Он как нашаливший школьник и одновременно строгий учитель, разговаривал с собой:
— Хватит играть, буду жить-доживать, читать книги, гулять, думать, спорить с Марком, готовить неожиданную еду…
Он будет чудненько жить, может, даже доберется летом до красивого южного берега — любоваться на волны, дышать глубоко и ровно…
— Все годы, как проклятый, в духоте, у-у-у… Выкину, сейчас же выкину все! И он начал — с кухни, со шкафов, с приборов под потолком, чудом балансируя на хромой табуретке.

3

К полуночи с кухней было покончено, осталось вымести мусор, чтобы видно было — живут нормальные люди… Ведь этого они хотят! Потом он перешел в комнату. Все, что напоминает о лаборатории — в окно! Железные вещи падали в овраг, погружались в многолетние слои листьев и вязкую глину, почти не изменяя ландшафта. Станочки, пусть небольшие, весили отчаянно много, падали со стоном, утопали, ветер тут же заносил их случайными листьями.
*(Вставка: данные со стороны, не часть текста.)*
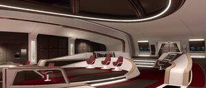 Two decks tall, the yacht comes with some unique features that provide a source of luxury for those onboard. Deck 1 has a large reception hall with a small lounge attached to it, along with a small transporter pad. A galley and a bar allow for VIP guests to be treated to replicated and non-replicated food and drink. To access deck two, there are three sets of stairs, and one of them heads up to the cockpit. On deck two, the forward section is inhabited by a cockpit, which is almost the same size as a runabout cockpit. On either side of it are cabins, and then around the edge, three rooms are dedicated to the cargo hold, four for guest quarters, two more rooms in the aft section are for the crew to share, and one more room is given up for the crew as a small break area when guests are onboard. A small sub-deck under deck two, which is mainly made up of access tubes, is dedicated to engineering systems, including the warp core.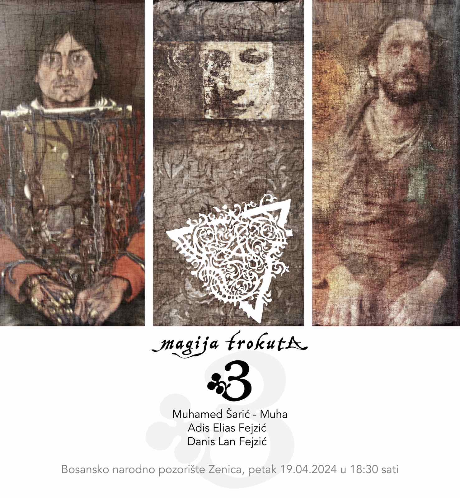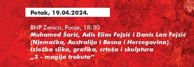 U sklopu 27. Međunarodne kulturne manifestacije (MKM) „Zeničko prolječe 2024“, večeras, 19.4.2024.godine, u foajeu Bosanskog narodnog pozorišta (BNP) postavljena je Izložba slika, grafika, crteža i skulptura „3 –magije trokuta), čiji su autori: Muhamed Šarić-Muha, Adis Elias Fejzić i Danis Lan Fejzić.

После первой комнаты он остановился, не решаясь перейти в главную. «Вдруг не заметят? Что они, плана не знают, видно же, комната в половину нормальной…» Но он не мог сразу, решил отдохнуть, неверными шагами вернулся в кухню, унылую, чужую, поставил на плиту чайник, и сел, никуда не глядя. Он не сомневался в правильности решения — хватит! но чувствовал, что отрезает от себя слишком много. Он ужаснулся, осознав, сколького лишал себя. Но остановиться уже не мог, страх гнал его дальше, призывы благоразумия — подождать хотя бы до утра, он, не задумываясь, отвергал.
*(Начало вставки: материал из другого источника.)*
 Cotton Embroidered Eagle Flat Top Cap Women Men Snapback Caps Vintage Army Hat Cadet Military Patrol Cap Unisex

— Возьмут да нагрянут пораньше, застанут врасплох, тогда конец! Нельзя ждать! Это они для отвода глаз — понеде-е-льник, а сами явятся в субботу, с утра, и застигнут, именно с утра явятся!..
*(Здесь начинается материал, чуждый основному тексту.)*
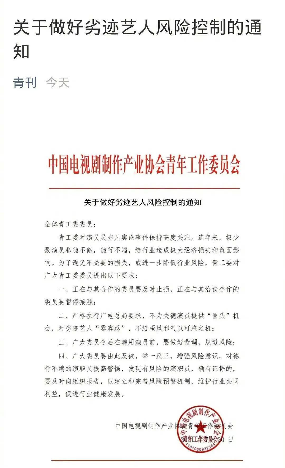20號,青工委(中國電視劇製作產業協會青年工作委員會)發出紅頭文件——《關於做好劣跡藝人風險控制的通知》。

Он живо представил себе, как в уютной комнатке развалился в кресле офицер с кобурой под мышкой, ноги на стол закинул, кофе потягивает, как иностранец, и по телевизору наблюдает за ним… Надо доказать, что озабочен, жажду исправиться. Он встал, нахмурился, и громко:
— Вот возьмусь, и к утру закончу!
Ему показалось, что офицер одобрительно кивнул головой — исправляется старик. Он быстро и энергично вошел в заднюю комнату, с головой залез под тягу, стал разбирать стекло. Разбить духу не хватало, он бережно все отсоединяет, складывает в корзину и по ночным ступенькам вниз, подальше, в овраг, на вороха старых листьев…
Покончив с тягой, он перешел к столу, где стоял красавец, его любимый, полустеклянный, полуфарфоровый… а колонки-то, колонки! — из уворованных частей, все по кусочкам собрано, по винтикам, датские снизу, шведские сверху, исключительно ровные и точные, до отказа заряженные самыми ценными смолами… И все это он разбирал, складывал и выносил вниз, и здесь, в ночной тишине, при слабом свете фонаря, что раскачивался в конце тупика, прощался.
В завершение всего Аркадий приступил к японцу. Тот надменно смотрел с табуретки, уверенный, что не посмеет его тронуть старик. Развалина, если честно, разве что лампочки щегольские. Какие-то стандартные ответы он выдавал иногда, если было настроение, но больше все — «данных мало…» Особенно это он любил — данных, мол, нет… Аркадий бесился, но верил, потому что японец удивительно точно угадывал его сомнения — данных-то и нет!..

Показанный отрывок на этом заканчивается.